DATA BLOCK: Begin

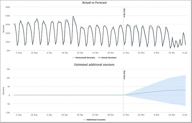信頼度95%で予測できるオーガニック検索セッション数の月間増加幅:
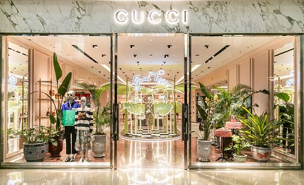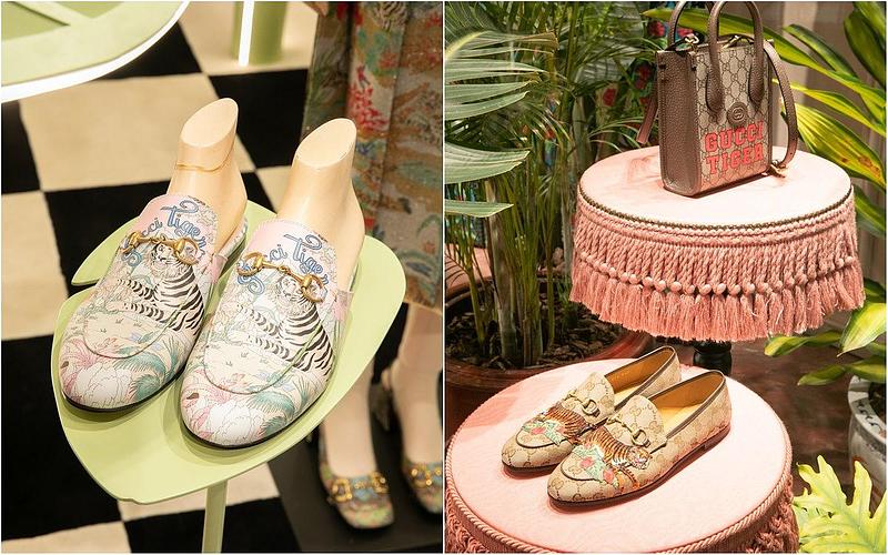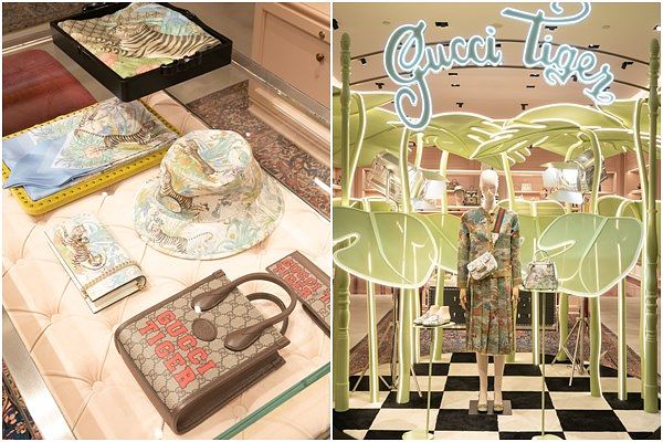 虎年新春主題系列將於1月4日正式推出,於全球Gucci專門店的主題櫥窗及期間限定店登場。虎年系列限定店的室內佈置靈感向系列其中一款印花取材,入口豎起閃亮「Gucci Tiger」燈牌,引領訪客走進儼如森林的空間。以LED燈勾勒的大塊樹葉構成綠意盎然的樹蔭,與店內的黑白格紋地板形成優雅對比。
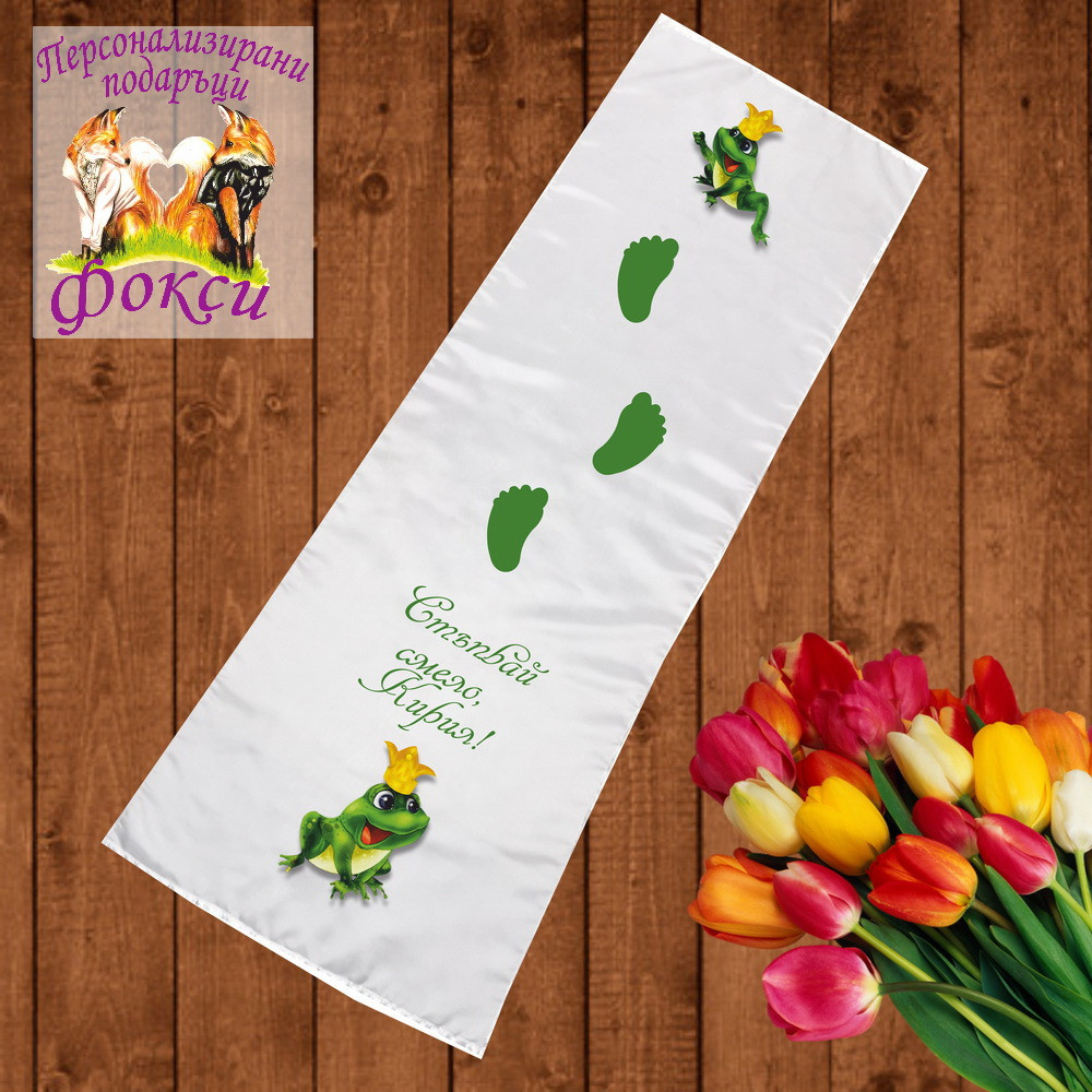 Прощъпулникът на детето е стара Българска традиция, която се практикува и до днес. Той е свързан с един важен в детското развитие момент – прохождането. Ритуалът се извършва, като на земята се постила платното за прощъпулник, питката се търкулва по него, а детето трябва да тръгне след нея и стигайки до предметите да избере един от тях. Според поверието първият предмет, който детето вземе, определя професията му. Платното за прощъпулник е изцяло персонализирано с текст пожелание, отпечатване на името на детето, любим герой и бебешки стъпки. При ваше желание може да се добави и датата на прощъпулника, като това няма да оскъпи продукта. Изработено е от плътен, непрозрачен, матов плат фин микрофибър,в бял цвят /100% полиестер/, с размери 50 х 150 см. Не се пързаля! Използва се директен печат /не се използват лепенки и стикери/. По този начин се елиминира възможността изображенията да се отмият или отлепят при пране или гладене. Цветовете са ярки, наситени и дълготрайни. 0878827475 www.foxy-wed.com

DATA BLOCK: End

AIM OF THE TASK →
Everything in the material above is to be reproduced exactly, pictures aside.

SOLUTION TO THIS PROBLEM →
信頼度95%で予測できるオーガニック検索セッション数の月間増加幅:
 虎年新春主題系列將於1月4日正式推出,於全球Gucci專門店的主題櫥窗及期間限定店登場。虎年系列限定店的室內佈置靈感向系列其中一款印花取材,入口豎起閃亮「Gucci Tiger」燈牌,引領訪客走進儼如森林的空間。以LED燈勾勒的大塊樹葉構成綠意盎然的樹蔭,與店內的黑白格紋地板形成優雅對比。
 Прощъпулникът на детето е стара Българска традиция, която се практикува и до днес. Той е свързан с един важен в детското развитие момент – прохождането. Ритуалът се извършва, като на земята се постила платното за прощъпулник, питката се търкулва по него, а детето трябва да тръгне след нея и стигайки до предметите да избере един от тях. Според поверието първият предмет, който детето вземе, определя професията му. Платното за прощъпулник е изцяло персонализирано с текст пожелание, отпечатване на името на детето, любим герой и бебешки стъпки. При ваше желание може да се добави и датата на прощъпулника, като това няма да оскъпи продукта. Изработено е от плътен, непрозрачен, матов плат фин микрофибър,в бял цвят /100% полиестер/, с размери 50 х 150 см. Не се пързаля! Използва се директен печат /не се използват лепенки и стикери/. По този начин се елиминира възможността изображенията да се отмият или отлепят при пране или гладене. Цветовете са ярки, наситени и дълготрайни. 0878827475 www.foxy-wed.com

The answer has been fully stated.